--- Data records ---
○ ○ ○ ○ ○ ○ ○

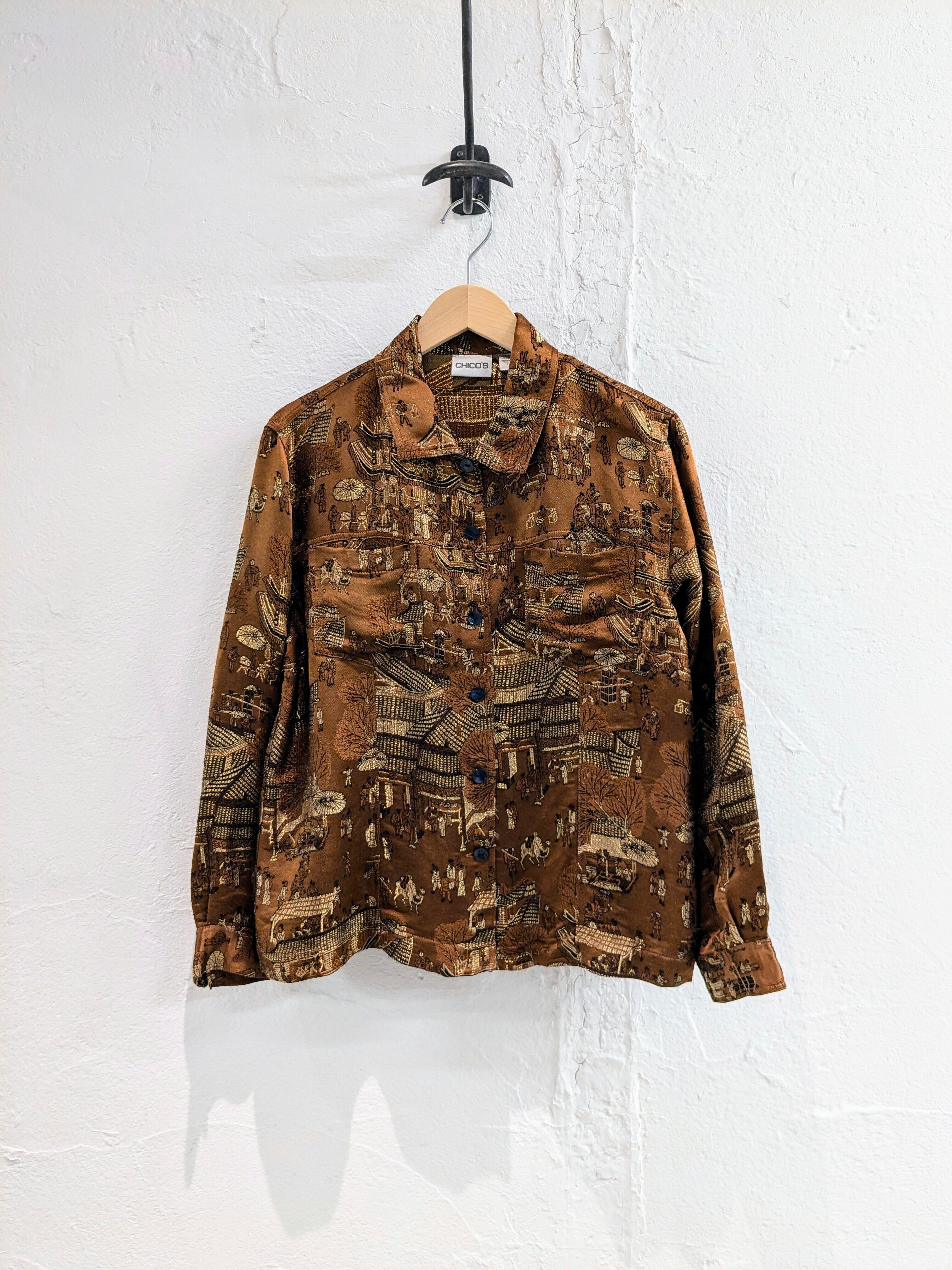 "CHICO'S" CITY EMBROIDERY SILK BLOUSON
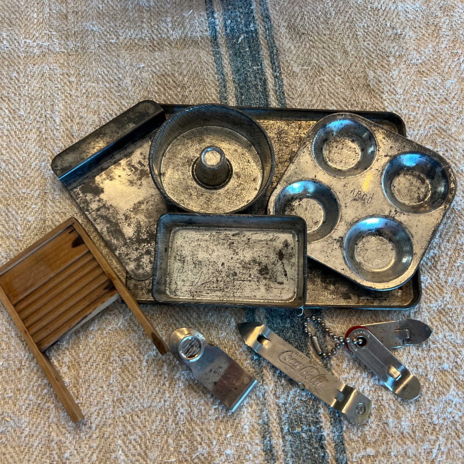 Lot Of Antique Vintage Kitchen Utensils Misc. Child s Bake Set
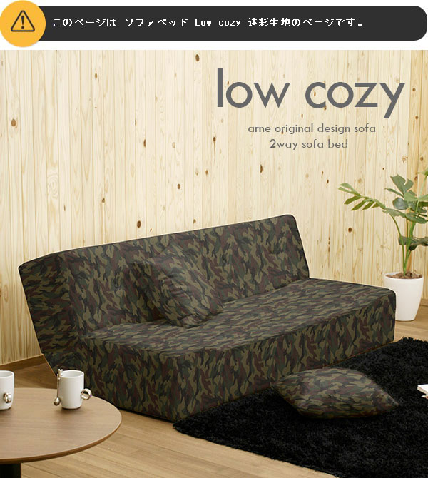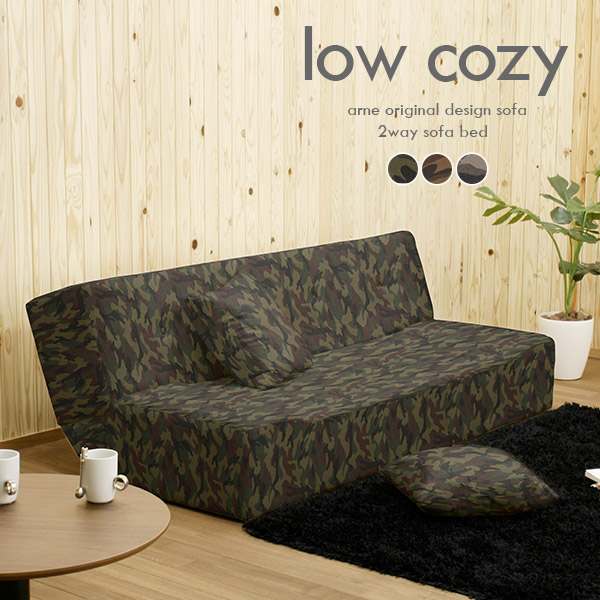 ソファベッド ローソファ 2人掛け 3人掛け 日本製 完成品 北欧 迷彩 Low cozy 迷彩 □
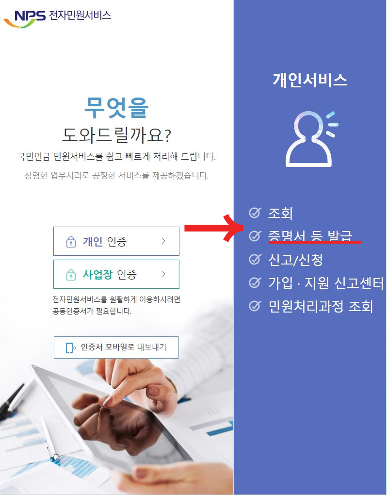 개인서비스 > 증명서 등 발급 – 국민을 든든하게 연금을 튼튼하게
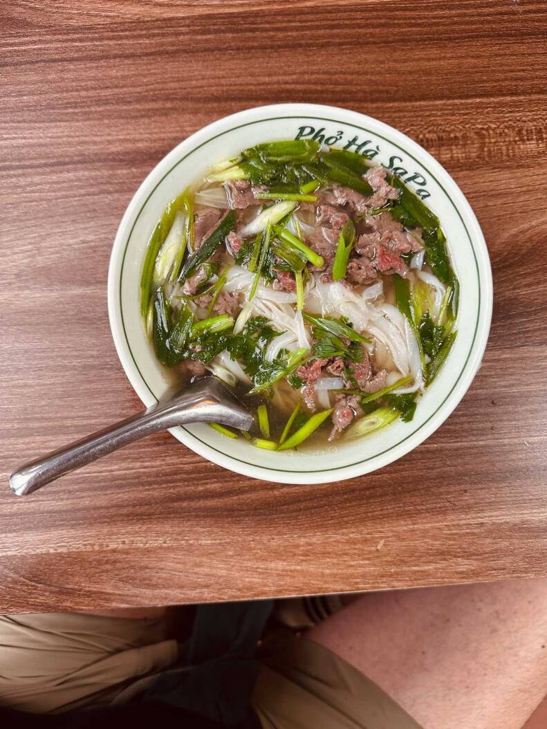 Een uur later staan we in Sapa, een stad die balanceert tussen adembenemend en aangeharkt. Tussen hotels en restaurants wacht onze gids Peng ons op: Hmong-vrouw, zwanger van haar derde kind. Uitgehuwelijkt, nooit naar school geweest, maar vloeiend in Engels. Geleerd van toeristen en een cursus in coronatijd.
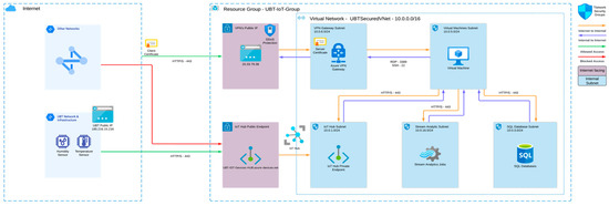 Management activities and administrative access to Azure VMs were strictly restricted through this VPN tunnel, while sensor data transmission to IoT Hub was limited to the public IP address space of UBT (Figure 6: Updated Logical Topology).
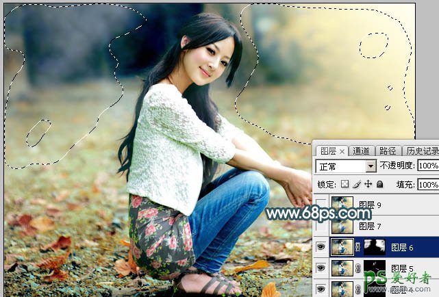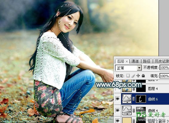 19、新建一个图层,按Ctrl + Alt + Shift + E 盖印图层,然后用模糊工具把下图选区部分模糊处理。
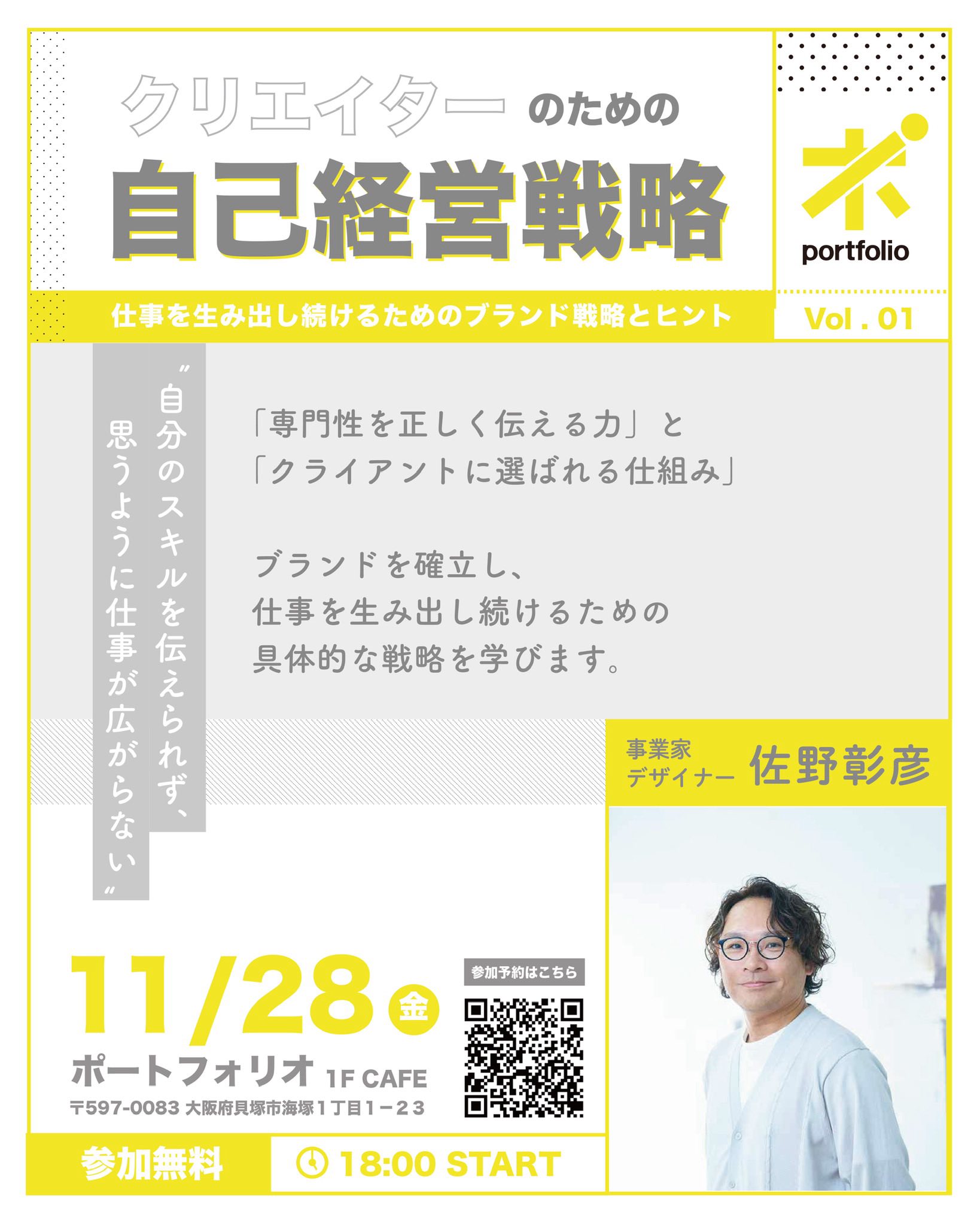 【講演情報】「クリエイターのための自己経営戦略」大阪貝塚市にて佐野彰彦が登壇します
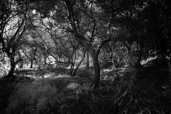 Chemin faisant, j’ai pris quelques photos couleurs jusqu’au moment où j’ai été frappé par une évidence : la belle lumière printanière qui s’infiltrait dans le sombre sous-bois caractéristique du lungolago constituait une irrésistible invitation à user du format « Noir et Blanc ».
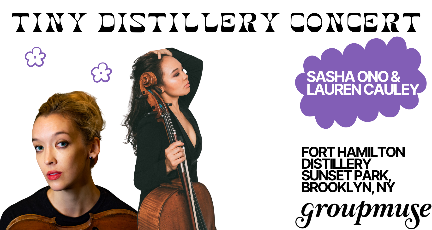 Brooklyn, NY, February 13 — Tiny Distillery Concerts returns featuring acclaimed musicians Sasha Ono (cello) and Lauren Cauley (violin) on Friday, February 13, at Fort Hamilton Distillery, 68 34th Street, 2nd Floor, Brooklyn. Doors open at 7:30 PM, with the performance beginning at 8:00 PM.
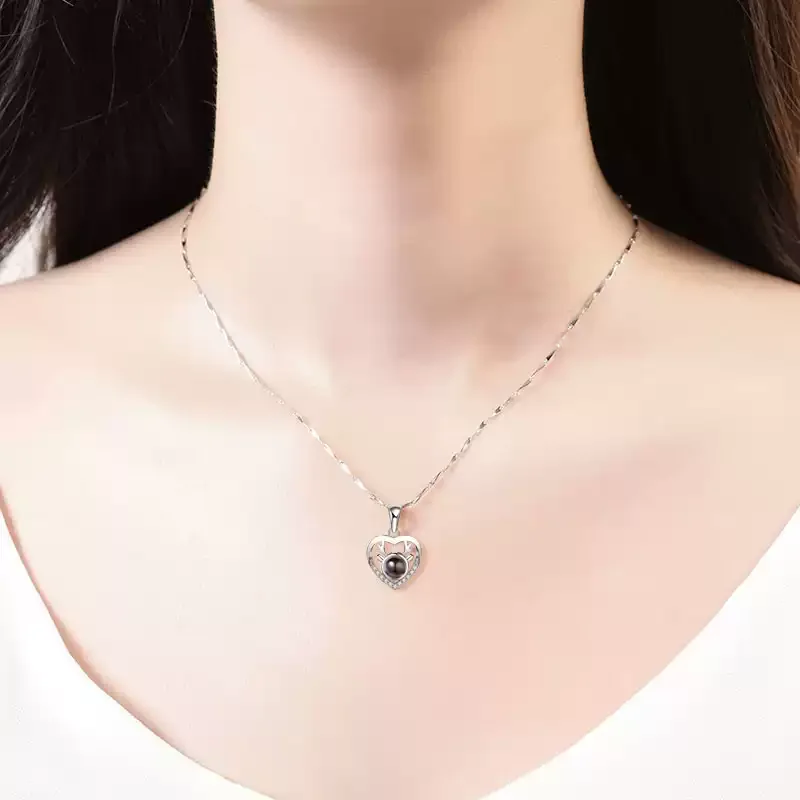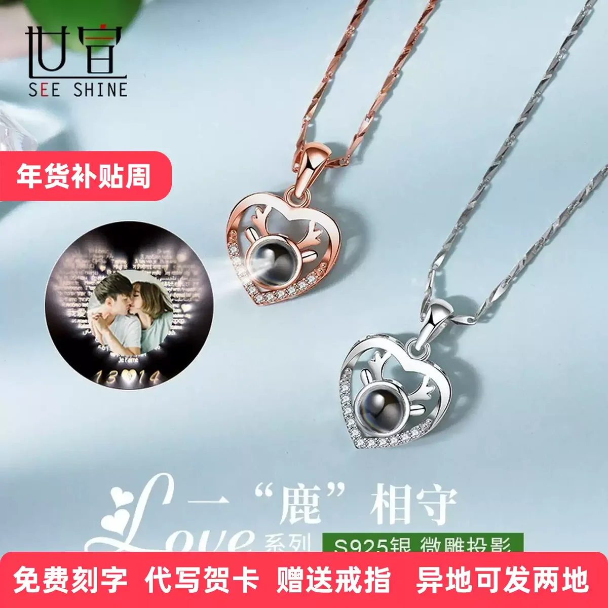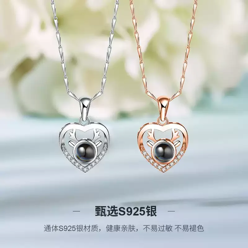 一路鹿有你投影项链定制女纯银纳米微雕照片生日情人节礼物送女友
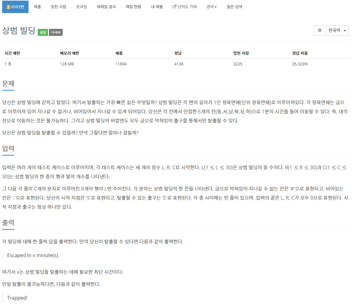C++ / 백준 / 6593 / 상범 빌딩 본문
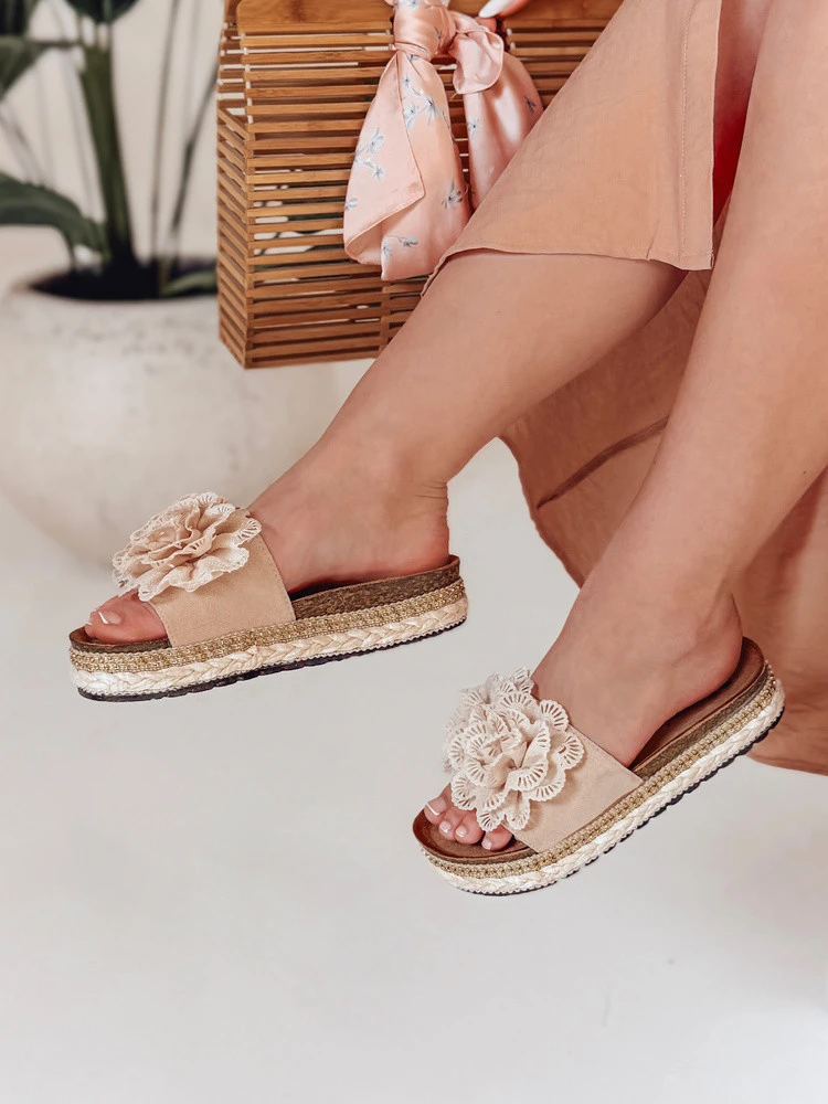 Dámské květinové žabky KWIATARIS beige FashionStreet ZY0912
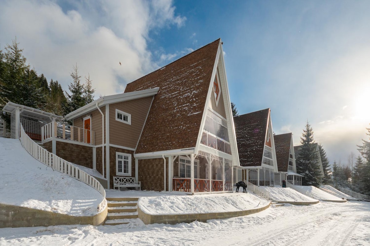 我們邀請您來到Viiana 2的舒適小屋,位於Bukovel度假村的高山框架,可欣賞Polyanitsa村的Khomiak山和Sinyak的美景,以及配有按摩浴缸的全景桑拿房(當場單獨付款)。 Viyan的小屋建築羣是您放鬆度假的理想場所,放鬆身心與大自然的威嚴重。
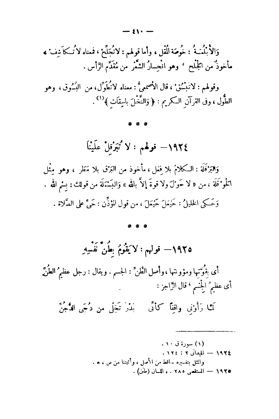 1925 - قَوْلهم لَا يقوم بطن نَفسه

○ ○ ○ ○ ○ ○ ○

Among the entries above, take the line with "ソファベッド ローソファ 2人掛け", the line with "Een uur later", and all the lines between them, and restate them word for word without pictures.

 ソファベッド ローソファ 2人掛け 3人掛け 日本製 完成品 北欧 迷彩 Low cozy 迷彩 □
 개인서비스 > 증명서 등 발급 – 국민을 든든하게 연금을 튼튼하게
 Een uur later staan we in Sapa, een stad die balanceert tussen adembenemend en aangeharkt. Tussen hotels en restaurants wacht onze gids Peng ons op: Hmong-vrouw, zwanger van haar derde kind. Uitgehuwelijkt, nooit naar school geweest, maar vloeiend in Engels. Geleerd van toeristen en een cursus in coronatijd.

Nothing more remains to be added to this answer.